Abitare la frontiera (confinarla e sconfinarla)

Helena Maleno, Mussie Zerai, Valentina Chupik, Cedric Herrou, Carola Rackete, Walid, Zakia, Myriam, Anouk, sono la testimonianza che le frontiere, come enfatizzano gli studi critici, si riproducono ed in modo diverso. Si tratta di confini “Non territoriali, ma sociali, politici, legali, processi quotidiani e polimorfici1“.

Per questa prospettiva, “sono costantemente ricomposti da entità diverse come corpi, discorsi, pratiche e relazioni, generando così continuamente nuove definizioni di cosa o chi viene incluso ed escluso2”.

Difatti, la “criminalizzazione della solidarietà” è un processo fatto di diverse tendenze e strategie che le autorità utilizzano al fine di ostacolare il lavoro di coloro che difendono il diritto al movimento ed alla migrazione e può essere letto come un’interazione intrinsecamente contraddittoria tra i processi di debordering e rebordering, funzionali a spostare efficacemente aspetti chiave del confine da un sistema all’altro3. La colpevolezza imputata alle azioni solidali, ovverosia, ha comportato, la designazione di nuovi confini “interni”, tra azione umanitaria ed azione criminale confermandoli ed espandendoli.

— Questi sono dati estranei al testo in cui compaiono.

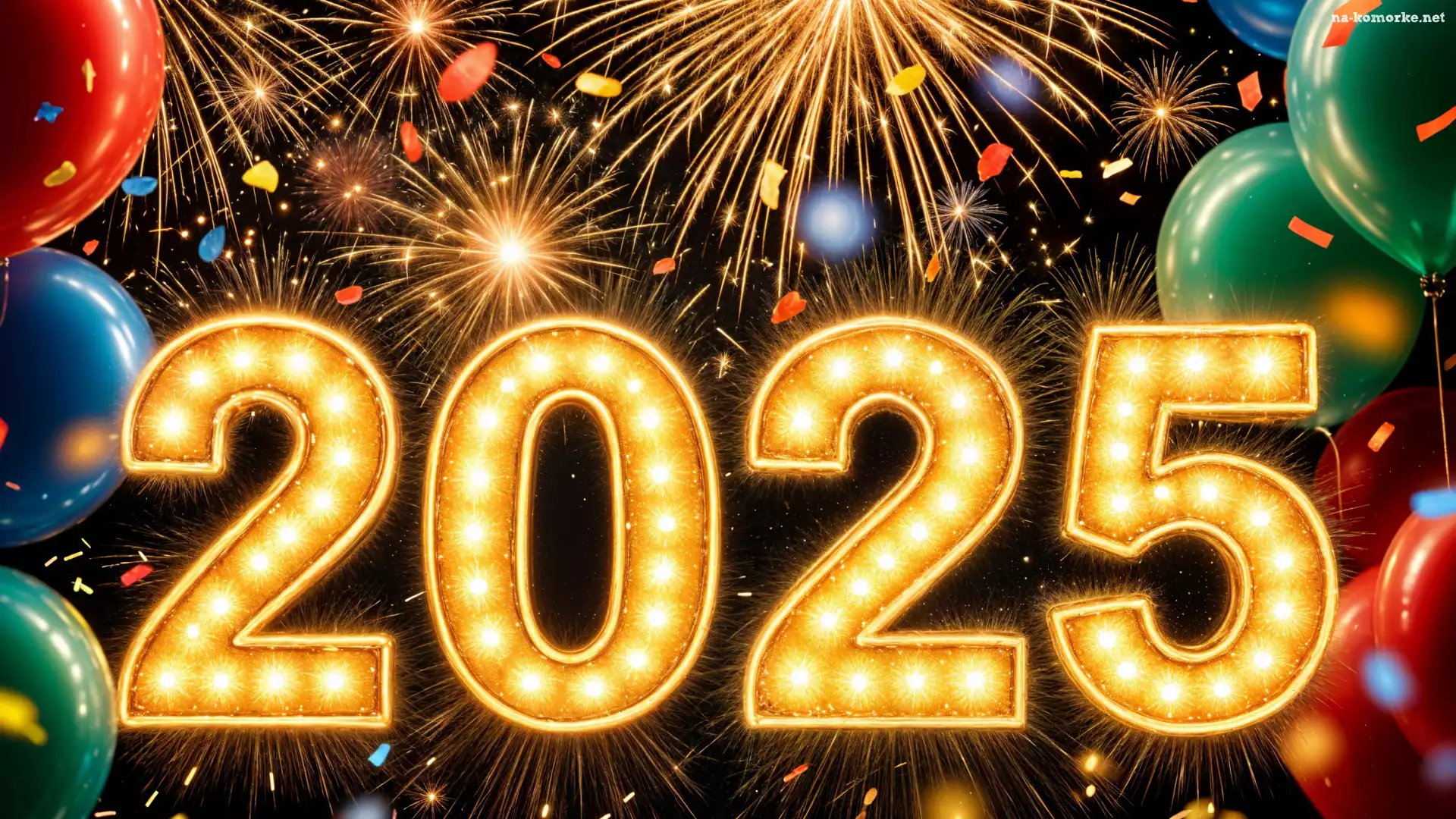 Sylwester, Balony, Nowy Rok, Grafika, Data, Fajerwerki, 2025 na Komórkę
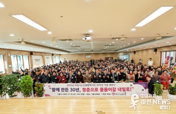 이런뉴스(e-runnews) 김삼성 기자 | 이천시는 11월 19일 이천시노인종합복지관 개관 30주년을 맞아 기념식 및 세미나를 개최했다고 밝혔다. 이번 행사는 지난 30년의 성과를 돌아보고, 초고령사회에 대응한 향후 노인복지의 발전 방향을 모색하기 위해 마련됐다.
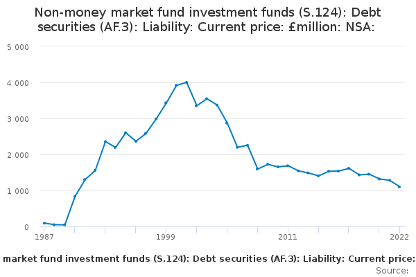 Download this time seriesNon-money market fund investment funds (S.124): Debt securities (AF.3): Liability: Current price: £million: NSA:

Secondo i dati raccolti in 13 paesi europei, dalla piattaforma di ricerca ReSoma, tra il 2015 e il dicembre 2019, 171 difensori dei diritti dei migranti sono stati accusati (con almeno 60 casi di procedimenti penali) di “traffico di esseri umani”, “facilitazione dell’ingresso o del transito” e “facilitazione del soggiorno”.

Il rapporto Europe: Open Season on Solidarity del novembre 2021, pubblicato da The Oservatory for The Protection of Human Rights Defenders, composto da numerose fonti ufficiali, della stampa e della società civile e da oltre 20 interviste con attivisti ed organizzazioni che difendono i diritti dei migranti in 11 Paesi europei ed extra UE4, analizza le strategie che gli Stati e le istituzioni europee stanno utilizzando per annullare l’operato umanitario.

La Direttiva 2002/905 del Consiglio Europeo evidenzia che tali attività sono criminali “quando sono commesse intenzionalmente e allo scopo di ottenere, direttamente o indirettamente, un vantaggio finanziario o di altro tipo“. All’art. 1 si raccomanda l’introduzione dell’eccezione per l’assistenza umanitaria, pur delegando agli Stati membri l’opportunità di interpretare questa eccezione. L’articolo 16, inoltre, richiede che “ogni Stato parte [fornisca] un’assistenza appropriata ai migranti le cui vite sono state messe in pericolo“.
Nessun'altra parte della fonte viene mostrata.